Collective Ownership in the Green New Deal

What rural electrification can teach us about a just transition

This year, we once again shattered the record for atmospheric carbon concentration, and witnessed a series of devastating setbacks in US climate policy—from attempts to waive state protections against pipelines to wholesale attacks on climate science. Against this discouraging backdrop, one idea has inspired hope: the “Green New Deal,” a bold vision for addressing both the climate crisis and the crushing inequalities of our economy by transitioning onto renewable energy and generating up to 10 million well paid jobs in the process. It’s an exciting notion, and it’s gaining traction—top Democratic presidential candidates have all revealed plans for climate action that engage directly with the Green New Deal. According to the Yale Project on Climate Communications, as of May 2019, the Green New Deal had the support of 96% of liberal democrats, 88% of moderate democrats, 64% of moderate republicans, and 32% of conservative republicans. In order to succeed, however, a Green New Deal must prioritize projects that are owned and controlled by frontline communities.

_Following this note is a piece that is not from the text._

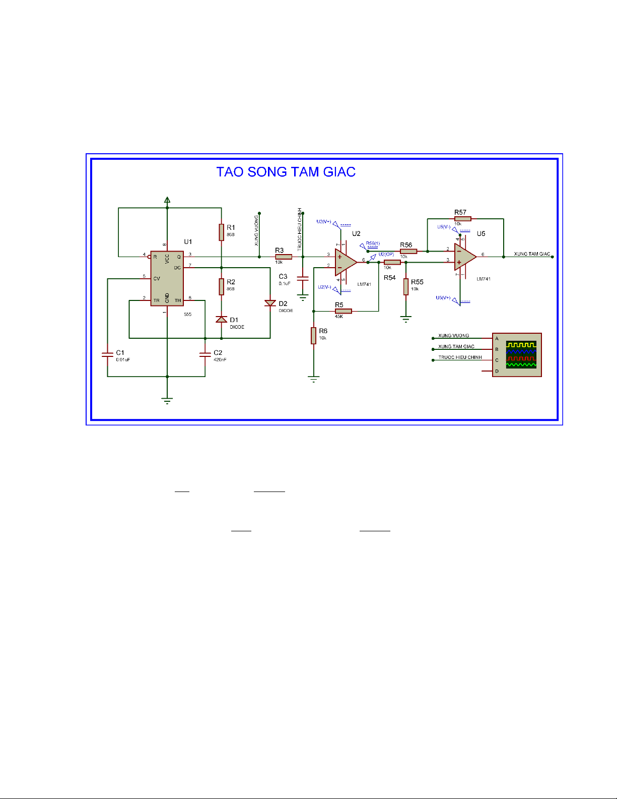 o Dùng mạch dao động RC để chuyển xung vuông thành xung tam giác có chu kỳ không đổi

Whose power lines? Our power lines!

Efforts to electrify the rural South during the New Deal present a useful case study for understanding the impact of ownership models on policy success. Up until the mid-1930s, 9 out of 10 Southern households had no access to electricity, and local economies remained largely agricultural. Southern communities were characterized by low literacy rates and a weak relationship to the cash nexus, distancing them from the federal government both culturally and materially. They were also economically destitute—a series of droughts throughout the 20s led to the proliferation of foreclosures and tenant farming. With the initial purpose of promoting employment in the area, the Roosevelt administration launched the Rural Electrification Administration in 1935. The Rural Electrification Act of 1936 sought to extend electrical distribution, first by establishing low-interest loans to fund private utility companies. The utility companies turned them down: private shareholders had little reason to invest in sparsely populated and impoverished counties, whose residents could not be assured to pay for services; private investors lacked the incentive to fund electrification for the communities who needed it most.